The paper presents “CARLA2Real,” an open‑source plug‑in for the CARLA autonomous‑driving simulator that narrows the visual (appearance) gap between synthetic and real‑world images in near real‑time. The authors build upon the state‑of‑the‑art Enhancing Photorealism Enhancement (EPE) framework, which uniquely exploits Geometry Buffers (G‑Buffers) emitted by the Unreal Engine rendering pipeline (depth, normals, albedo, roughness, etc.). By feeding these intermediate buffers together with one‑hot semantic masks into a multi‑stream encoder, the network preserves class‑specific geometry, material, and lighting cues, thereby avoiding the common artifacts seen in conventional GAN‑based image‑to‑image translation methods that operate only on RGB images.

Training combines a Learned Perceptual Image Patch Similarity (LPIPS) loss with a perceptual discriminator that leverages VGG‑16 features, encouraging both structural fidelity and photorealism. To obtain semantic labels for real‑world datasets lacking ground truth, the Multi‑Domain Segmentation (MSeg) network is pre‑trained and used to generate consistent pseudo‑labels, ensuring that the discriminator receives comparable semantic information across domains.

Implementation-wise, CARLA’s Python API extracts the required G‑Buffers each frame, which are handed off to a dedicated worker thread running the EPE model on CUDA. A multithreaded synchronization pipeline and selective activation of only the most informative G‑Buffer streams enable an average throughput of ~13 FPS (≈77 ms per frame), a substantial improvement over prior works that typically achieve 1–2 FPS.

The authors evaluate the impact of the tool from two perspectives:

  1. Feature Extraction – Pre‑trained vision backbones (ResNet‑152, VGG‑19, EfficientNet‑B7) are used to extract feature vectors from raw CARLA images, CARLA2Real‑enhanced images, and real datasets (Cityscapes, KITTI). Cosine similarity and centroid distance analyses show that the enhanced images are significantly closer to real‑world features (≈12 % reduction in feature distance), especially for critical classes such as road, building, and pedestrians.

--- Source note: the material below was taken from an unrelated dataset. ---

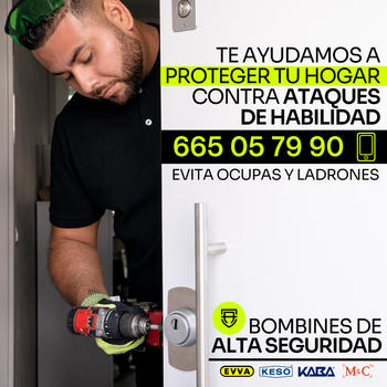 En Alta Cerrajería Madrid contamos con más de 15 años de experiencia ofreciendo servicios de cerrajería urgente 24 horas en Madrid, con un trato profesional, cercano y transparente. Somos especialistas en aperturas de puertas sin daños, incluso en cerraduras de alta seguridad, y en la conversión de cerraduras a perfil europeo, una de las mejores soluciones para aumentar la seguridad de tu vivienda o negocio. Trabajamos exclusivamente con productos de alta gama y máxima seguridad, asesorando a cada cliente para proteger su hogar frente a robos, bumping y técnicas de apertura no deseadas. Servicio rápido y eficaz Técnicos cualificados, Presupuestos claros y sin sorpresas Atención 24 horas, los 365 días del año Tu seguridad es nuestra prioridad. Cuando necesitas un cerrajero de confianza en Madrid, Alta Cerrajería Madrid responde.

  2. Semantic Segmentation – DeepLabV3+ is trained separately on (a) raw synthetic data and (b) CARLA2Real‑enhanced synthetic data. When evaluated on real‑world validation sets, the model trained on enhanced data achieves higher mean Intersection‑over‑Union (mIoU) scores (≈4.3 %p improvement on KITTI and 3.8 %p on Cityscapes). Gains are most pronounced for small or thin objects (e.g., pedestrians, traffic signs), indicating that the translation preserves fine‑grained details.

For comparison, the authors also implement VSAI‑T, a recent image‑to‑image translation method that does not use G‑Buffers. Under identical training conditions, VSAI‑T yields smaller mIoU gains (≈2.7 %p) and exhibits more visual artifacts (color bleeding, distorted edges), confirming the advantage of leveraging intermediate rendering information.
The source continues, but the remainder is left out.